Prompt ->
Below are the entries. Transcribe exactly the lines from the one with "纯度: 99.5+% metals" through the one with "- ISO900认证证书办理攻略:企业质量管理的必备资质", ends included, and leave out all others.

Data under study ->
# # # #
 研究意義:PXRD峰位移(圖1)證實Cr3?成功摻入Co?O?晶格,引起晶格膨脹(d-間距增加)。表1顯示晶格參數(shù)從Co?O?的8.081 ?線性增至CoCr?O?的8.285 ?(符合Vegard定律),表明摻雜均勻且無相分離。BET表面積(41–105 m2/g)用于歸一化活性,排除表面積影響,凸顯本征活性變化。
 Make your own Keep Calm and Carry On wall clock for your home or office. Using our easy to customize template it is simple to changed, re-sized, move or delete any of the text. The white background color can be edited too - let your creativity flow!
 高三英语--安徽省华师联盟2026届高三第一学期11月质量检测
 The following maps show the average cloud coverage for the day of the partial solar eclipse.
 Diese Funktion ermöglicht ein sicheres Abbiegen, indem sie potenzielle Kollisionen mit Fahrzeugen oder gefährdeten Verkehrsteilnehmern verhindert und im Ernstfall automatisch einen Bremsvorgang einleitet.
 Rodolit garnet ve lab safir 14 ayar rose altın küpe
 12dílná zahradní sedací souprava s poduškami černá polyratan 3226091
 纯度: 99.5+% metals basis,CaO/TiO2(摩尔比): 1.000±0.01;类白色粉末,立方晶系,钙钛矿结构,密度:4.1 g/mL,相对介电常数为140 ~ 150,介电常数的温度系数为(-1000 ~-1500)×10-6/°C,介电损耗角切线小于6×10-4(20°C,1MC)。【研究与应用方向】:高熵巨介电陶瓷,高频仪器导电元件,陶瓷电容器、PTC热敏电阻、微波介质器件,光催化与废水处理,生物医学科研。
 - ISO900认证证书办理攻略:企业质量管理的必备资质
# # # #
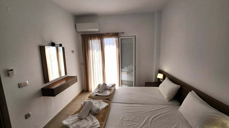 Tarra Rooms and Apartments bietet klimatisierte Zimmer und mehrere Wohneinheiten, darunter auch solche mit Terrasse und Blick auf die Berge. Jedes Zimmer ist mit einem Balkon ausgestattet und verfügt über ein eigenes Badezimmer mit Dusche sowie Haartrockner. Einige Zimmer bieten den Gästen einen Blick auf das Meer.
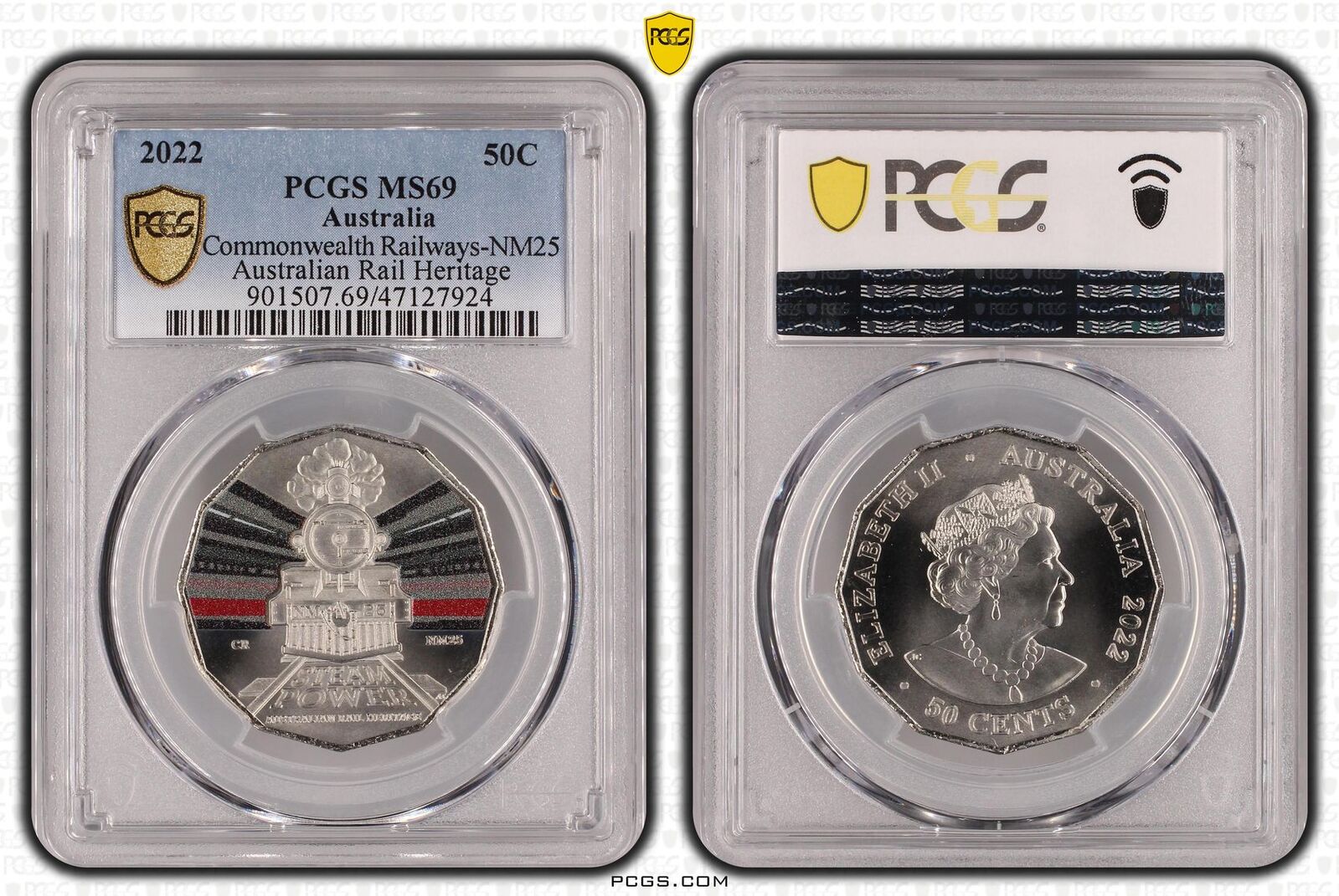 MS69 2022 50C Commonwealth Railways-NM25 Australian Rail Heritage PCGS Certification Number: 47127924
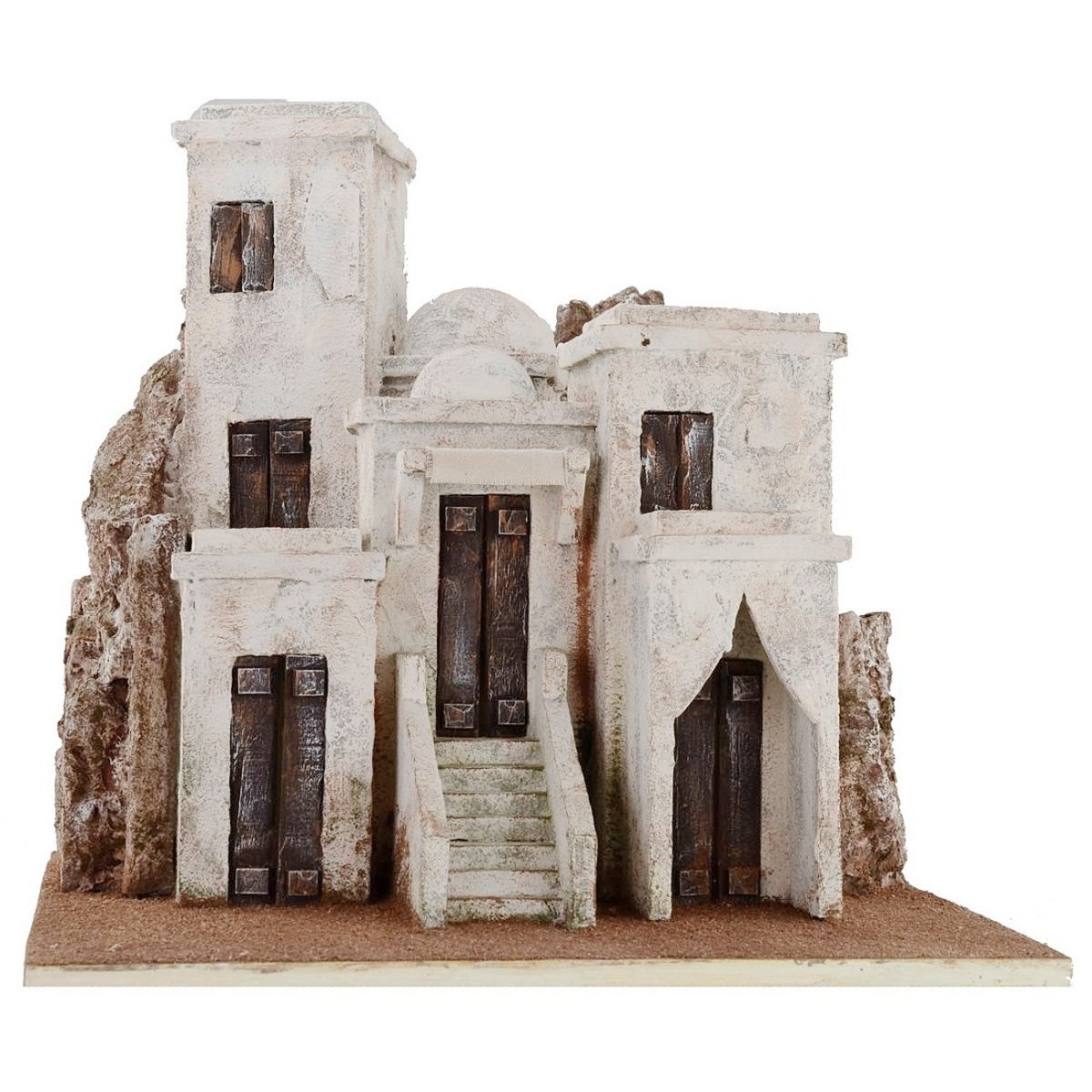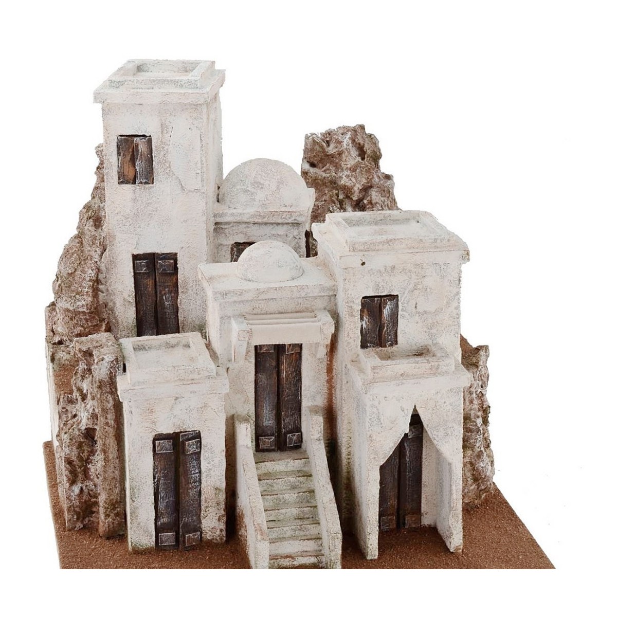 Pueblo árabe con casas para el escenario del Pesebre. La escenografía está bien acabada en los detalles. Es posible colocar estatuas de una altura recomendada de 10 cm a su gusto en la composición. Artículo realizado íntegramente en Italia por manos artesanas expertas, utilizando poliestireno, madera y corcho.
# # # #
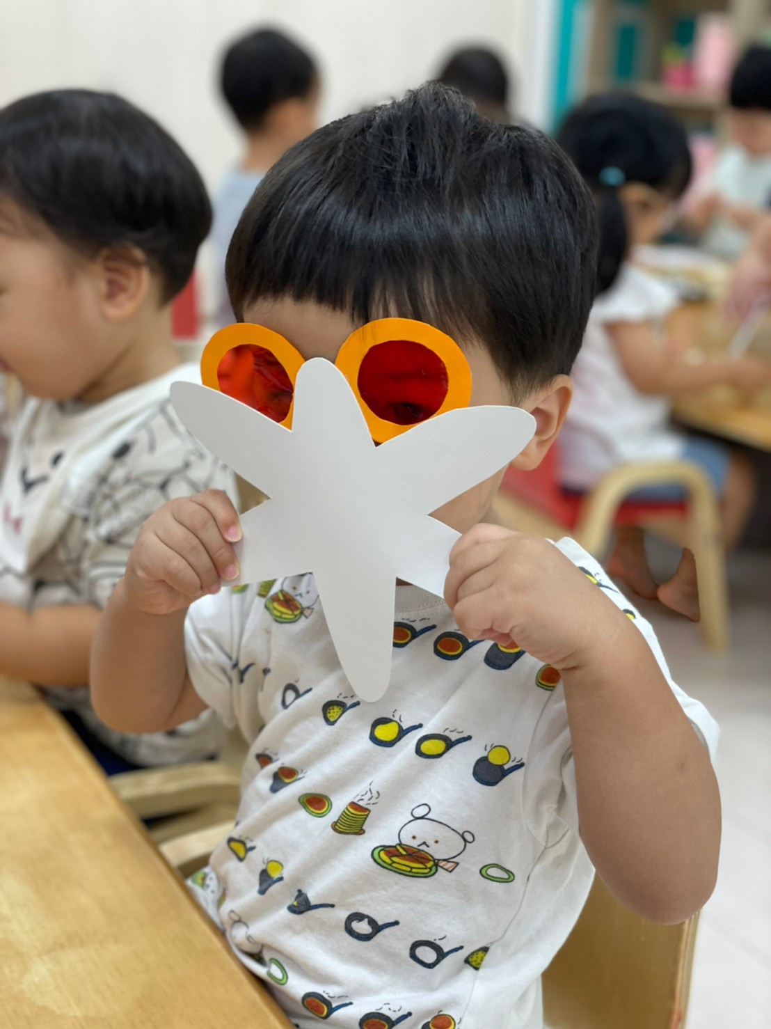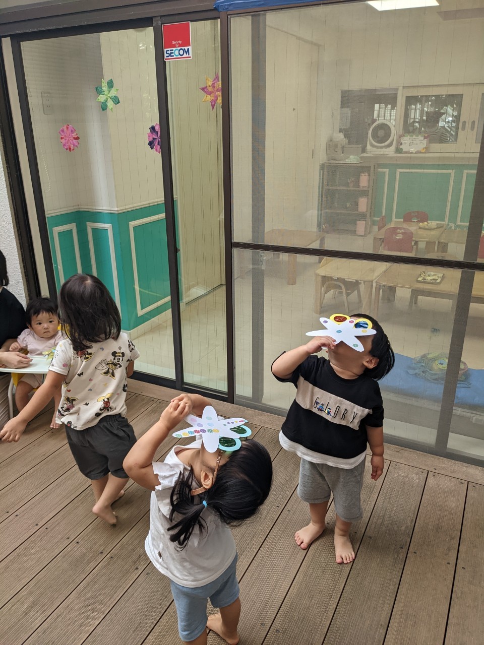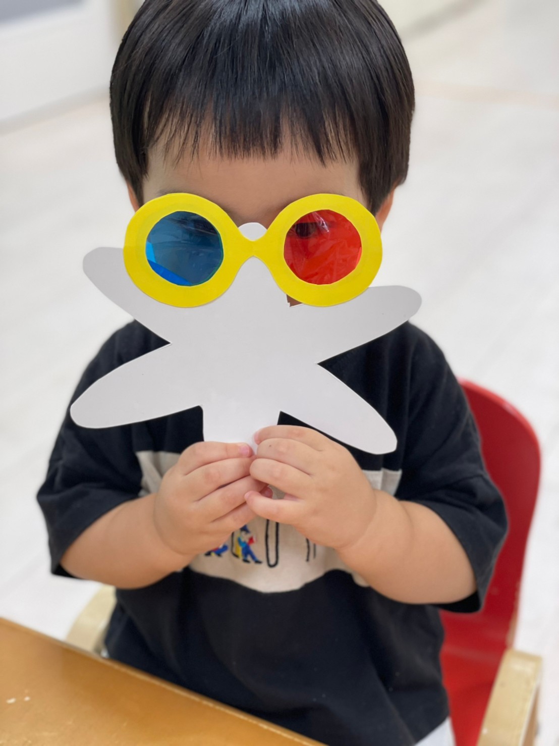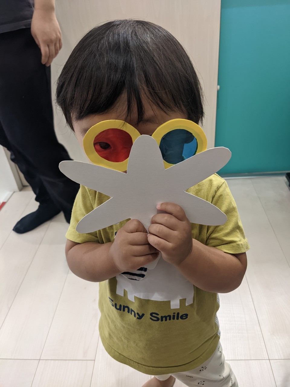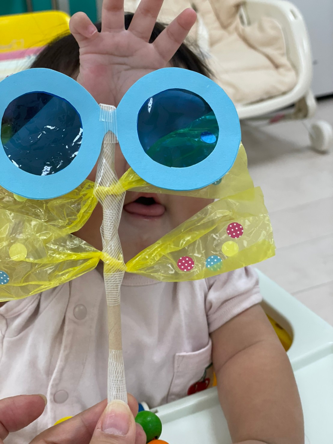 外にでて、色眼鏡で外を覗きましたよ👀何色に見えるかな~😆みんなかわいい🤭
# # # #
Task solution ->
 纯度: 99.5+% metals basis,CaO/TiO2(摩尔比): 1.000±0.01;类白色粉末,立方晶系,钙钛矿结构,密度:4.1 g/mL,相对介电常数为140 ~ 150,介电常数的温度系数为(-1000 ~-1500)×10-6/°C,介电损耗角切线小于6×10-4(20°C,1MC)。【研究与应用方向】:高熵巨介电陶瓷,高频仪器导电元件,陶瓷电容器、PTC热敏电阻、微波介质器件,光催化与废水处理,生物医学科研。
 - ISO900认证证书办理攻略:企业质量管理的必备资质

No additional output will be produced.